Problem to work on: Look below for the line containing "2. spark로 데이터로드 및 스키마확인 (base RDD)". Write out that line and the rest through the last one, exactly as they appear, but without pictures.

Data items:

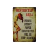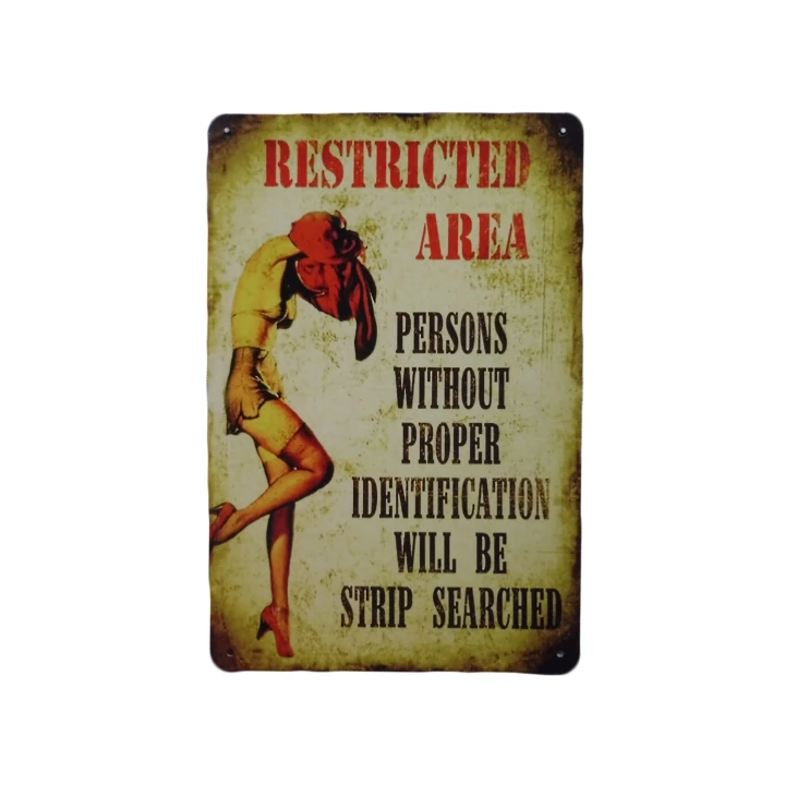 Restricted Area Metalen borden is een bijzonder decoratiestuk / Wand decoratie voor aan uw muur. U kunt het bordje ophangen in bijvoorbeeld uw mancave, schuur, huis, bar, café, garage, werkplaats, buiten, hobby kamer of women cave.
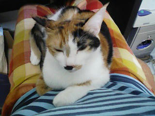 今夜もゆずがいつの間にかそっと膝に乗って寝ていました。
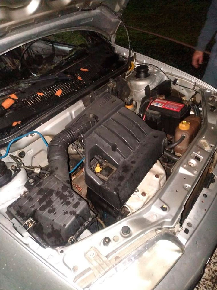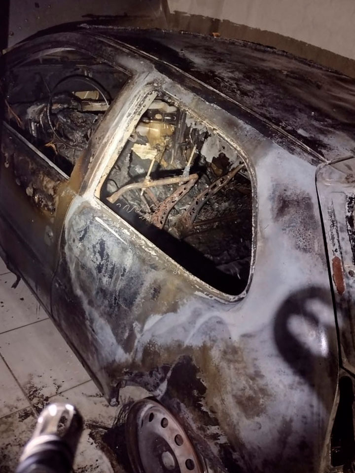 De acordo com a equipe do Corpo de Bombeiros, o incêndio teria iniciado na parte superior traseira, próximo do porta malas e desceram para a parte da frente, no percurso queimando todo o tanque. Apenas o compartimento do motor ficou praticamente intacto. A residência também não foi atingida.
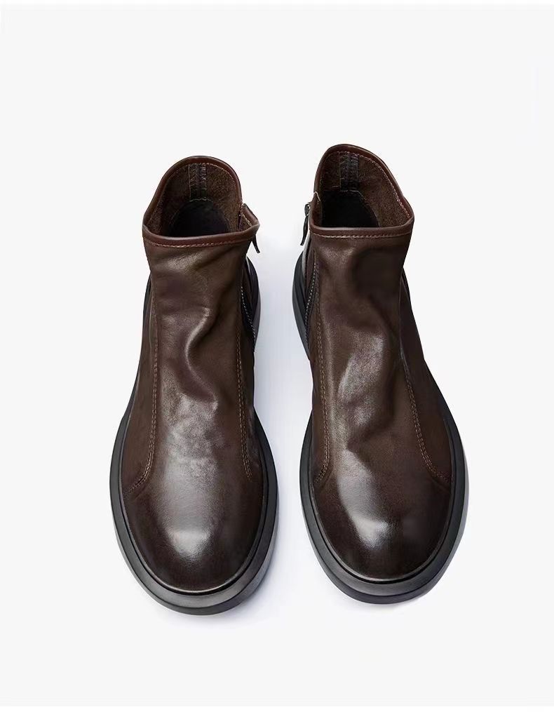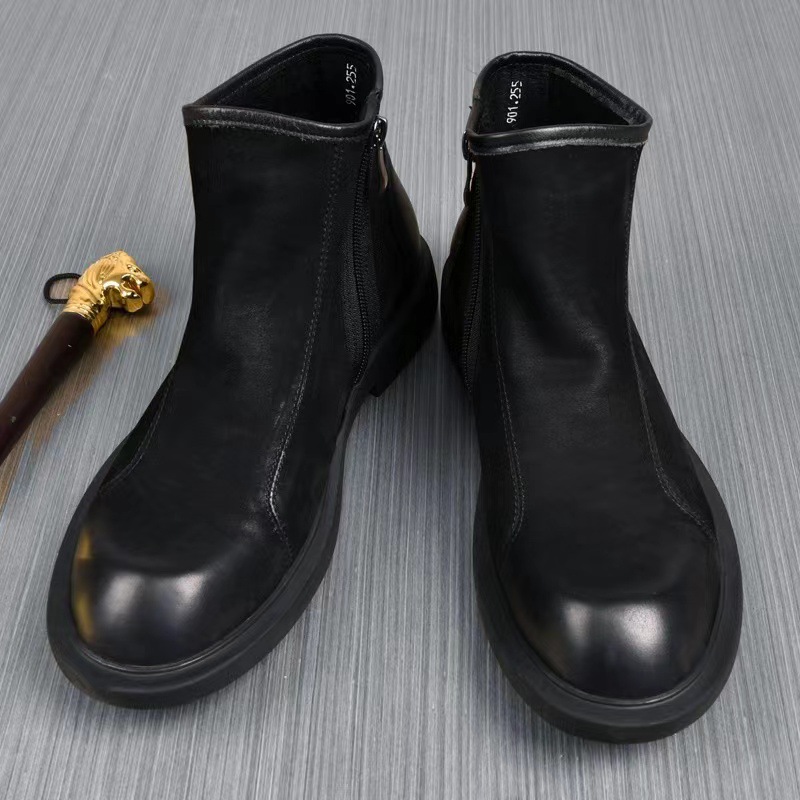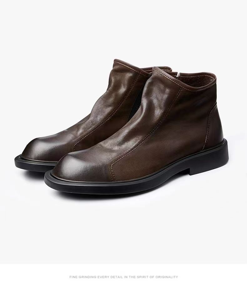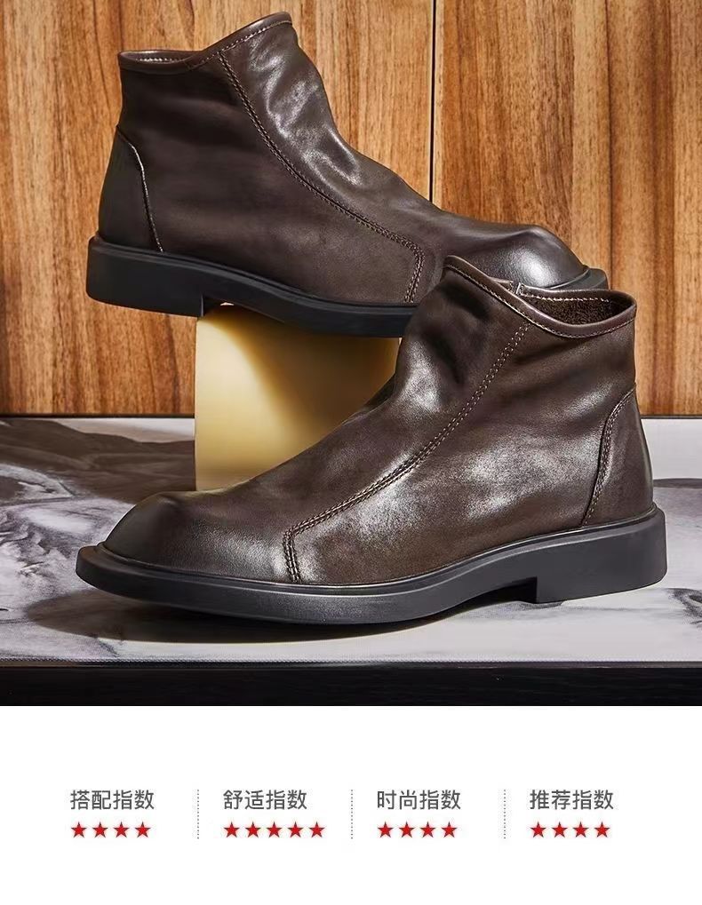 英国風レトロ本革ブーツ メンズ 秋 ミドル丈 マーティンブーツ ジッパー付き チェルシー ソフトレザー カジュアルブーツ
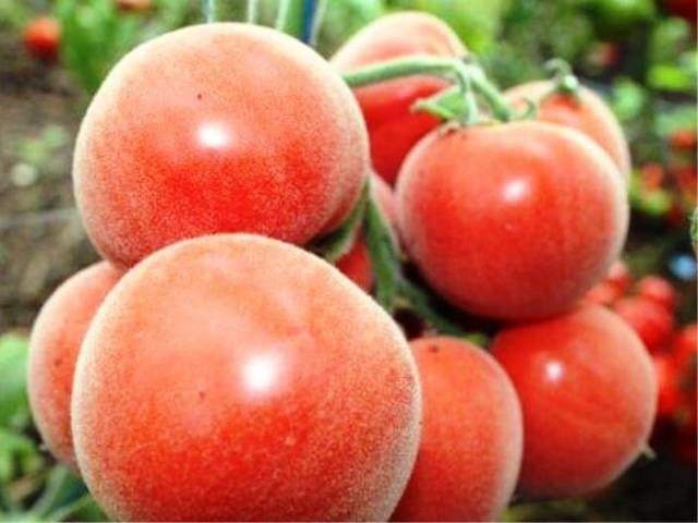 Rosa F1 agrada con la mayor resistencia a las enfermedades y prácticamente no interesa a las plagas. La variedad híbrida también tiene el rendimiento más alto, porque hasta 12 frutos maduran en un racimo de tomate rosa, en lugar del estándar 5-6.El tono de los tomates es cereza claro, están cubiertos de pelusa blanca.
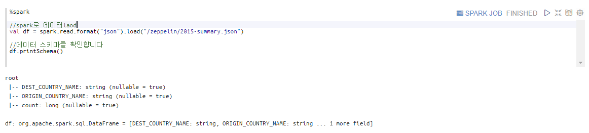 2. spark로 데이터로드 및 스키마확인 (base RDD)
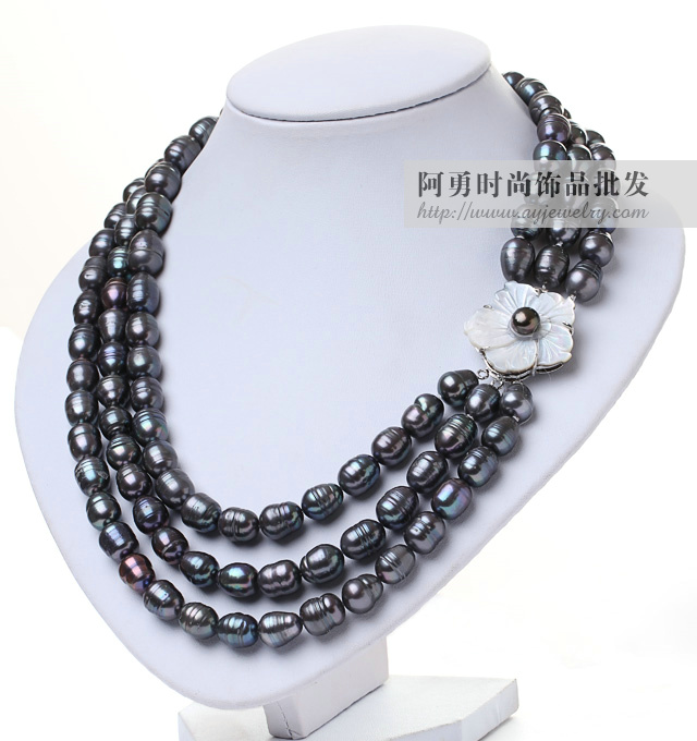 - 10-11mm亮光少纹白粉紫色珍珠项链
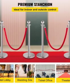 VEVOR Silver Crowd Control Stanchions with 1.5m Red Velvet Rope – Retractable Queue Barrier Posts for Events & Venues
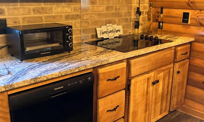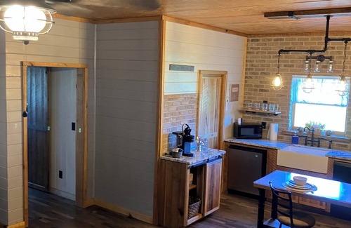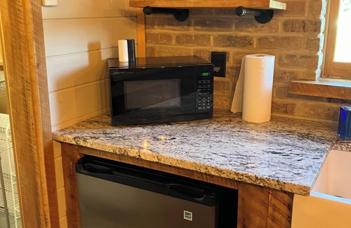 Most of the living space is handcrafted including sawmill lumber cabinetry, black iron pipe light fixtures, a farmhouse sink, and log/shiplap walls. It features a full kitchen, granite tops, a French rain shower, gas fireplace, and a large porch to view the llamas and mountains.
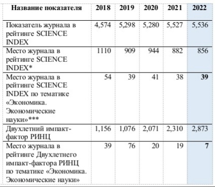«Journal of New Economy» входит в топ-40 российских журналов по экономическим наукам и занимает седьмую позицию по показателю двухлетнего импакт-фактора среди 479 научных периодических изданий.
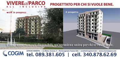 - Vendita appartamento Pontecagnano mq 63 VIVERE AL PARCO ..nuovissimi appartamenti in Pontecagnano (SA) zona centro Una casa in centro a Pontecagnano (Sa) immersa nel verde, al centro di tutti i servizi (scuola, posta, banca, municipio, centro commerciale, cinema, stazione ferroviaria) una casa esclusiva dove vivere : Complesso residenziale VIVERE AL PARCO, progettato per chi si vuole bene. OCCASIONE : APPARTAMENTO “NUOVO” a 160.000 Euro (All inclusive) !! Appartamento di nuova costruzione, all’interno di VIVERE AL PARCO, circa 63 mq, classe energetica A - IPE < 30 Kwh/mq annuo Ultimi appartamenti disponibili. Appartamenti a partire da 160.000. Società Costruttrice di VIVERE AL PARCO : Cogim srl - progettazione, costruzione e gestione immobili di qualità. www.cogimsrl.net | info@cogimsr

Solution to the exercise:
 2. spark로 데이터로드 및 스키마확인 (base RDD)
 - 10-11mm亮光少纹白粉紫色珍珠项链
 VEVOR Silver Crowd Control Stanchions with 1.5m Red Velvet Rope – Retractable Queue Barrier Posts for Events & Venues
 Most of the living space is handcrafted including sawmill lumber cabinetry, black iron pipe light fixtures, a farmhouse sink, and log/shiplap walls. It features a full kitchen, granite tops, a French rain shower, gas fireplace, and a large porch to view the llamas and mountains.
«Journal of New Economy» входит в топ-40 российских журналов по экономическим наукам и занимает седьмую позицию по показателю двухлетнего импакт-фактора среди 479 научных периодических изданий.
 - Vendita appartamento Pontecagnano mq 63 VIVERE AL PARCO ..nuovissimi appartamenti in Pontecagnano (SA) zona centro Una casa in centro a Pontecagnano (Sa) immersa nel verde, al centro di tutti i servizi (scuola, posta, banca, municipio, centro commerciale, cinema, stazione ferroviaria) una casa esclusiva dove vivere : Complesso residenziale VIVERE AL PARCO, progettato per chi si vuole bene. OCCASIONE : APPARTAMENTO “NUOVO” a 160.000 Euro (All inclusive) !! Appartamento di nuova costruzione, all’interno di VIVERE AL PARCO, circa 63 mq, classe energetica A - IPE < 30 Kwh/mq annuo Ultimi appartamenti disponibili. Appartamenti a partire da 160.000. Società Costruttrice di VIVERE AL PARCO : Cogim srl - progettazione, costruzione e gestione immobili di qualità. www.cogimsrl.net | info@cogimsr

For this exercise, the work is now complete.